We’ve been sick in my house.
It began with the littlest, who spent one restless night being tormented by vomiting and diarrhea. The next day he seemed to be better, but when the afternoon rolled around we found that our other son had thrown up during his nap, and was curled up shivering on the floor and whimpering. He spent the next several hours being cradled in my arms and vomiting periodically, finally perking up just before bedtime.
Then it was my turn. Just after our kids went to bed I vomited once, then swiftly deteriorated into intense nausea, stomach pain, and headaches. From 11pm to 5am I woke up every half-hour on the nose and emptied my belly into the toilet, though of course my stomach was empty after the first few times, leaving me with dry heaves that felt like my intestines were trying to expel themselves through my mouth. Intermittent diarrhea completed the torment. As of now, late the next day, I’m only partially recovered, having waddled through the daylight hours bearing up under only mild nausea, exhaustion, and a headache.
My poor, long-suffering wife has so far avoided the bug, but she’s suffered two consecutive nights of essentially no sleep taking care of her children and husband. The house is a disaster—it’s amazing what two children under four can do when their parents are too ill or exhausted to stop them. But we just might be finally looking out the other side of this.
So naturally my thoughts turned to thanksgiving.
There’s nothing like a period of sickness to make you suddenly grateful for health. I don’t get sick very often. It is easy for my to consider my hardiness as the natural state of things, and to be proud, somehow, of the resilience of my immune system, as if I had forged it myself out of white blood cells and antibodies. A few days of sickness will teach me humility. It is hard to be proud when you’re clinging to a toilet bowl, reeking of puke and sweat and diarrhea, too miserable to even wish to get better, hoping only to somehow get through the next few minutes. After emerging from an episode like this, the return of health and wholeness can be appreciated for what it is: a gift, a blessing, grace.

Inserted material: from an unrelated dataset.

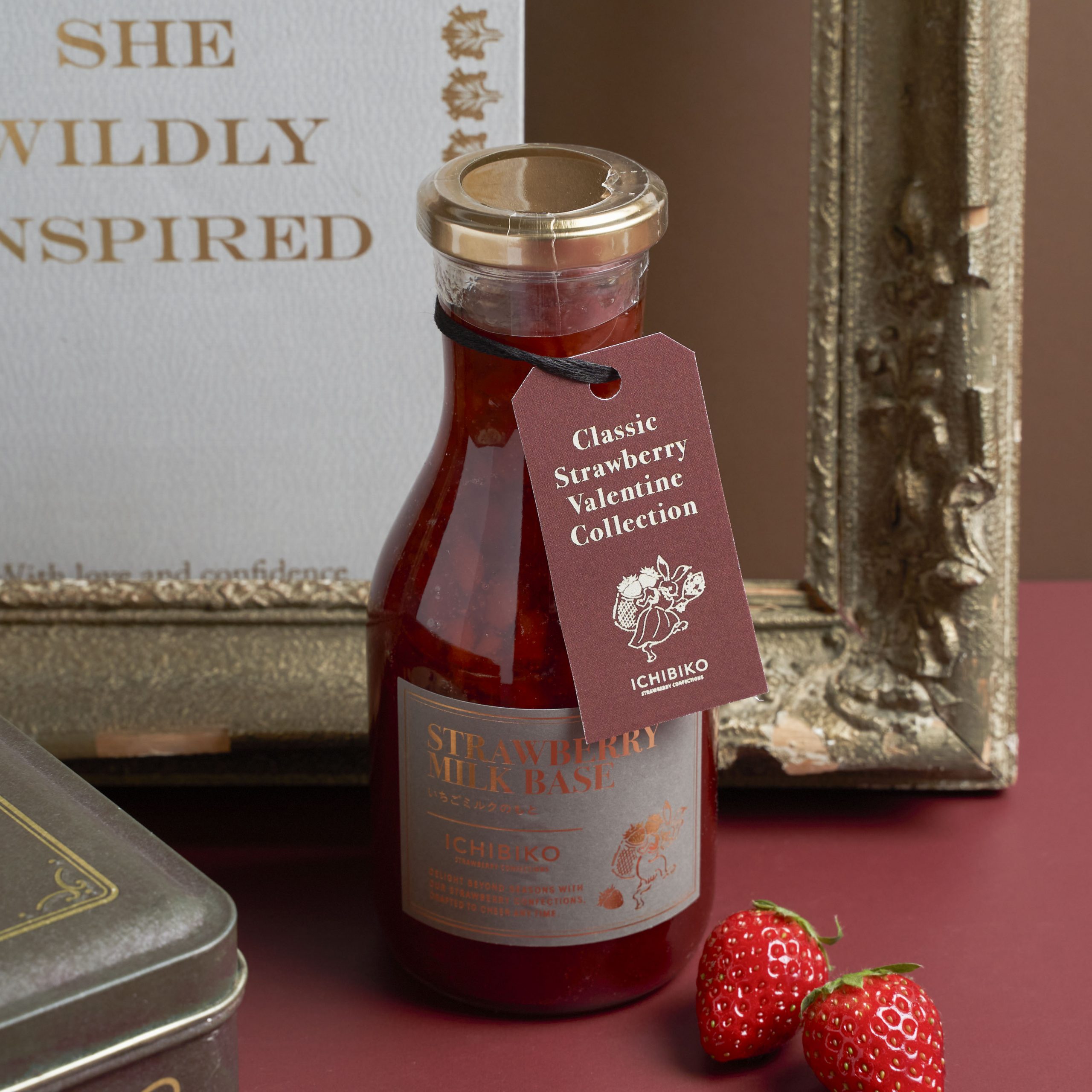 そしてICHIBIKOの人気商品「いちごミルクのもと」も、バレンタイン限定ラベルで登場します。たっぷり果肉の贅沢なおいしさはそのままに、ギフトにも映える季節限定デザインです。ミルクで割るだけで、ICHIBIKOカフェの味を手間いらずで自宅で楽しめますよ。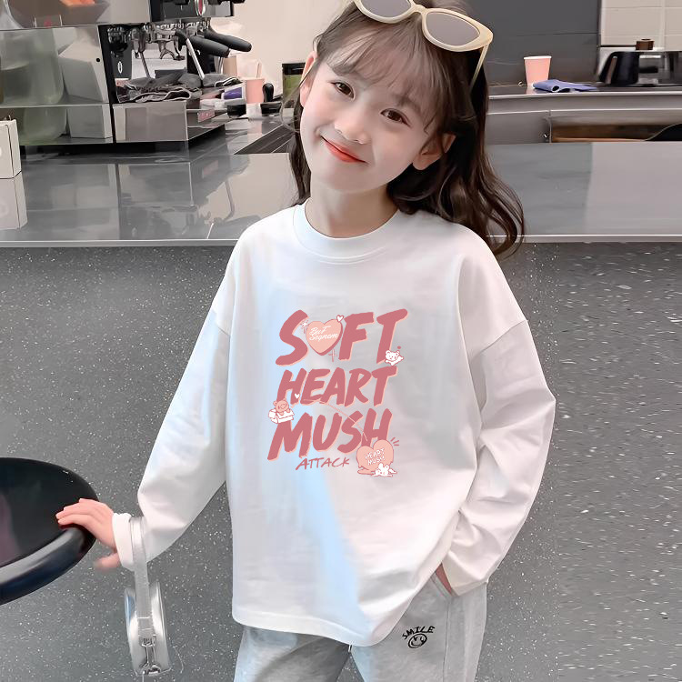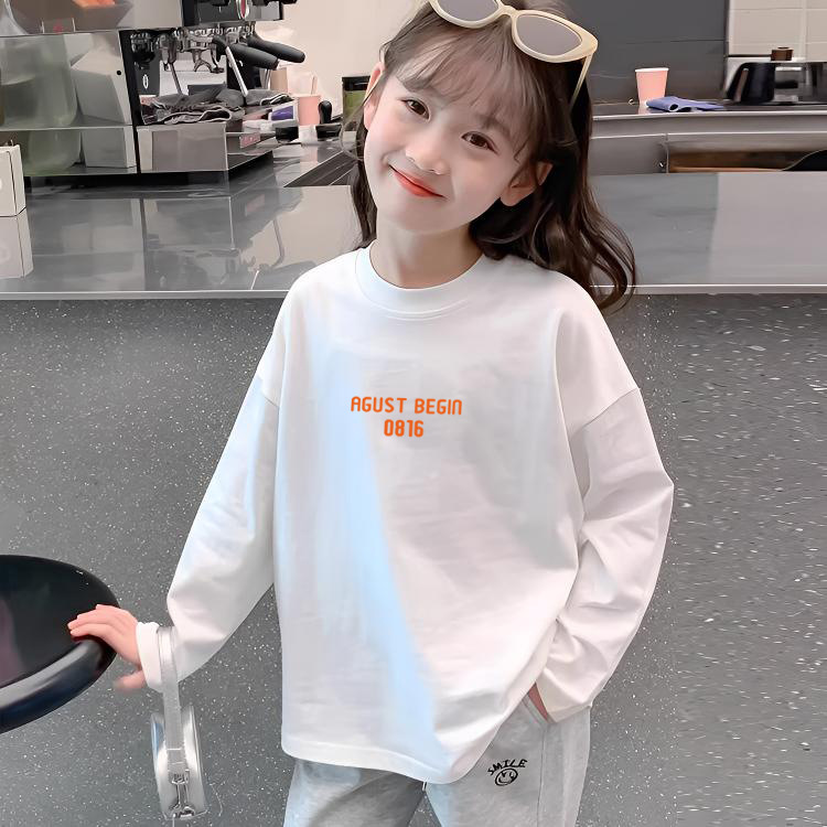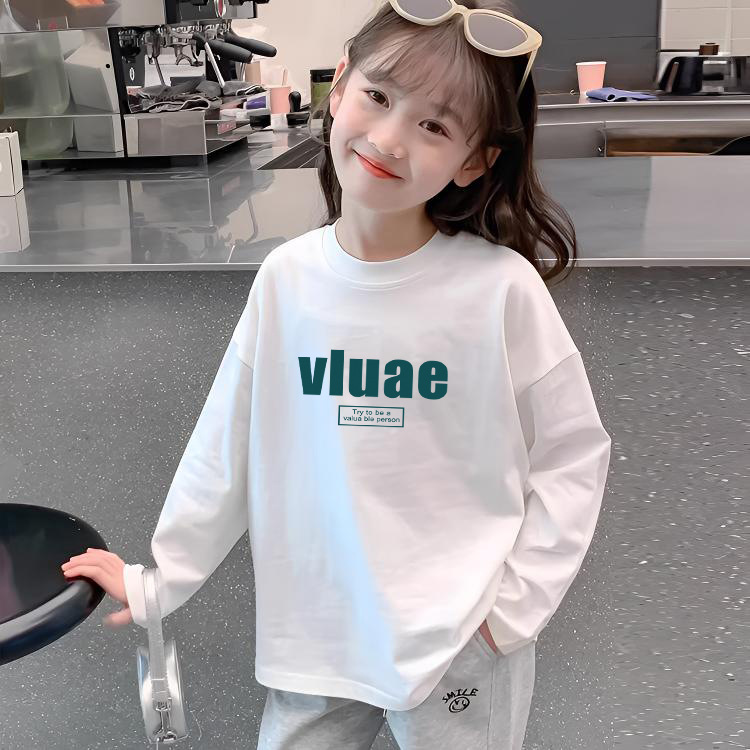 여아 의류 흰색 면 바닥 셔츠 봄, 가을 루즈하고 세련된 긴팔 중대형 아동 티셔츠와 다용도 탑스토어 가기

I read today the following words over at Fr. Stephen Freeman’s blog:
We see ourselves as the agents of change – or responsible for many of the disasters that litter our lives. Those who “succeed” imagine that they are the masters of their fate, or, perhaps the ones who responsibly “chose” God.
For the weak, the addict, the genetically impaired, the myth of choice and the power of freedom are often experienced as a merciless taunt. We not only fail – it is judged that we fail because we have not willed to succeed. Our weakness becomes a curse, while the blessed enjoy their prosperity and their health.
I am, for the most part, one of the blessed. I have been given a lovely family, a stable job, excellent friends, and a surfeit of other gifts. This bout of illness serves to remind me not to look down on those with fewer gifts, and confuse blessing with merit. I don’t deserve any of this, and it can be taken away, for a few days or forever.
But while I enjoy the gifts that I have, I give thanks.
You say it well; be thankful for the gifts we have, and help those who do not have as much.